» STORED DATA
*** Block opens ***

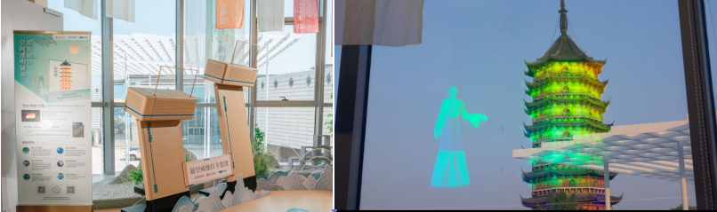 在蘇州絲綢博物館“未來館”二樓,基于虛實(shí)融合透明空間顯示打造的懸空成像打卡裝置已實(shí)現(xiàn)落地應(yīng)用,體驗(yàn)者無需佩戴VR、AR等設(shè)備即可感受裸眼3D動(dòng)態(tài)場(chǎng)景呈現(xiàn)。裝置巧妙融合北寺塔實(shí)景與數(shù)字影像:窗外的千年古塔與屏中的三維動(dòng)態(tài)模型交相輝映,為觀眾營造出時(shí)空交疊的沉浸式體驗(yàn)。
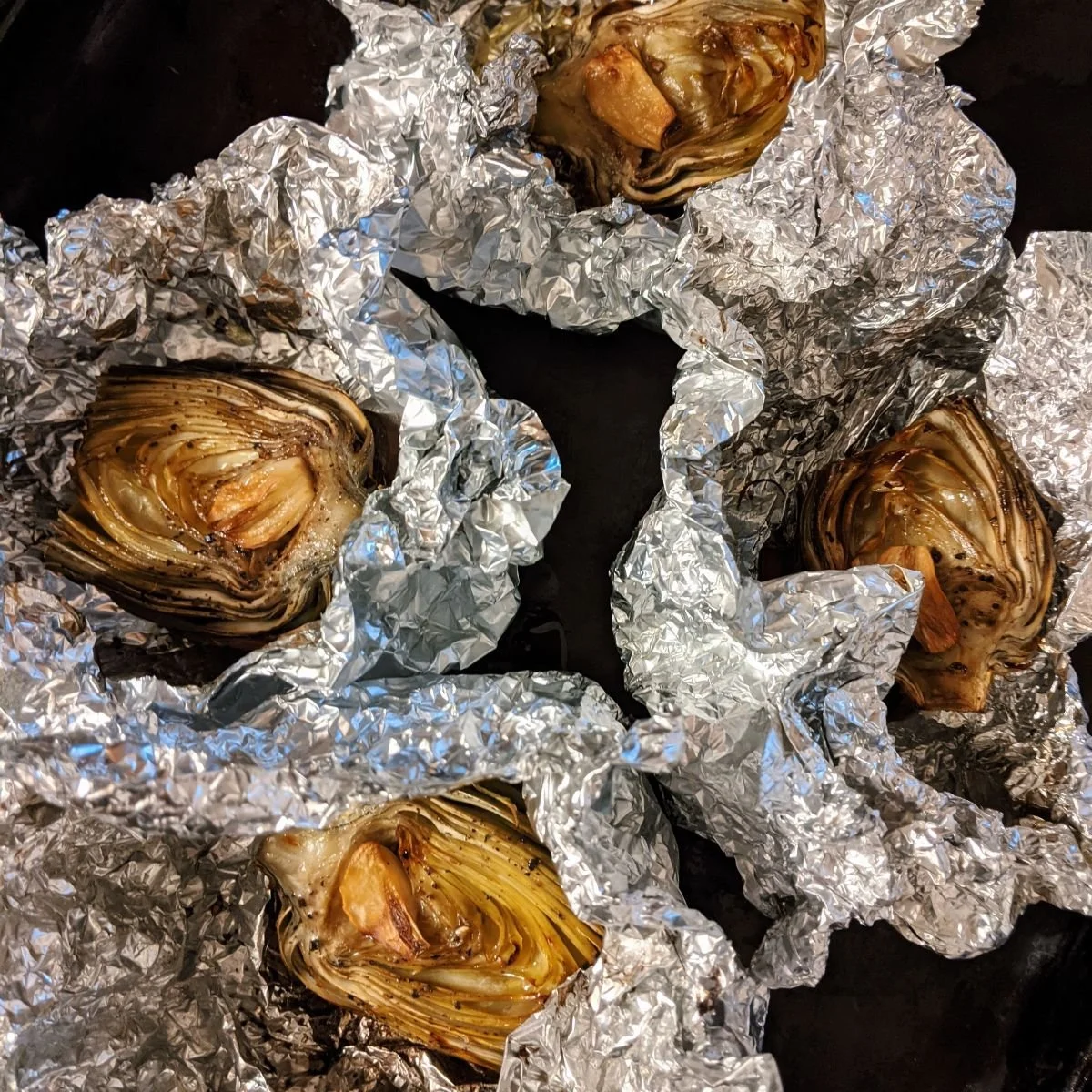 4. Wrap each artichoke half in tinfoil, place a garlic clove in the center, and drizzle with olive oil. Close the tinfoil around the artichokes and bake for 45 minutes on a baking sheet.
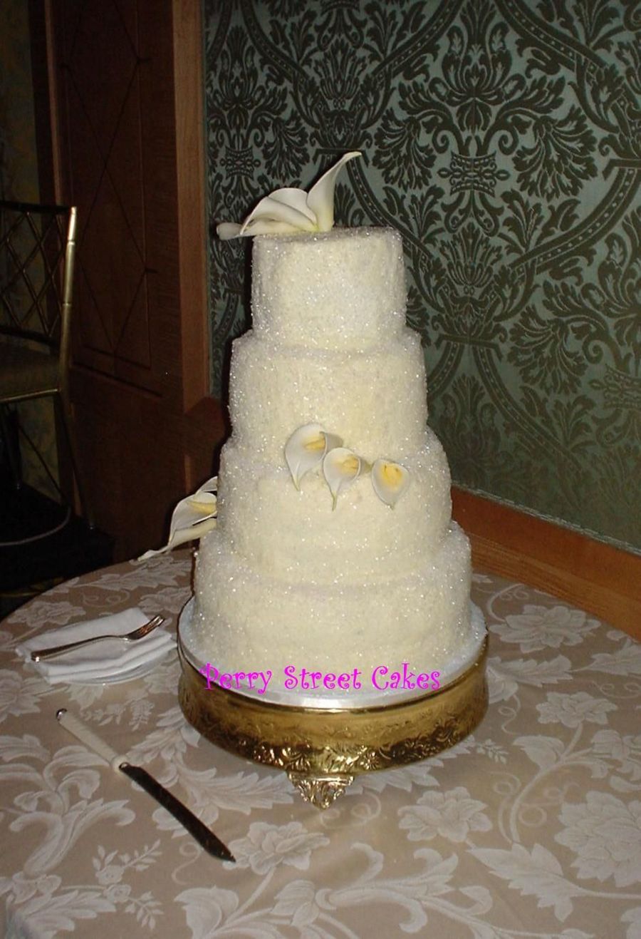 I did a much smaller cake using sugar crystals like this, and I remember what all I had to do to get the little boogers to stick, so I am truly impressed at a cake this size COVERED in those crystals... KUDOS!

*** Block closes ***

» PROBLEM STATEMENT
Once you have returned the line containing "4. Wrap each", stop; begin at the first line of the material, keep each line exact, and skip the pictures.

» YOUR SOLUTION
 在蘇州絲綢博物館“未來館”二樓,基于虛實(shí)融合透明空間顯示打造的懸空成像打卡裝置已實(shí)現(xiàn)落地應(yīng)用,體驗(yàn)者無需佩戴VR、AR等設(shè)備即可感受裸眼3D動(dòng)態(tài)場(chǎng)景呈現(xiàn)。裝置巧妙融合北寺塔實(shí)景與數(shù)字影像:窗外的千年古塔與屏中的三維動(dòng)態(tài)模型交相輝映,為觀眾營造出時(shí)空交疊的沉浸式體驗(yàn)。
 4. Wrap each artichoke half in tinfoil, place a garlic clove in the center, and drizzle with olive oil. Close the tinfoil around the artichokes and bake for 45 minutes on a baking sheet.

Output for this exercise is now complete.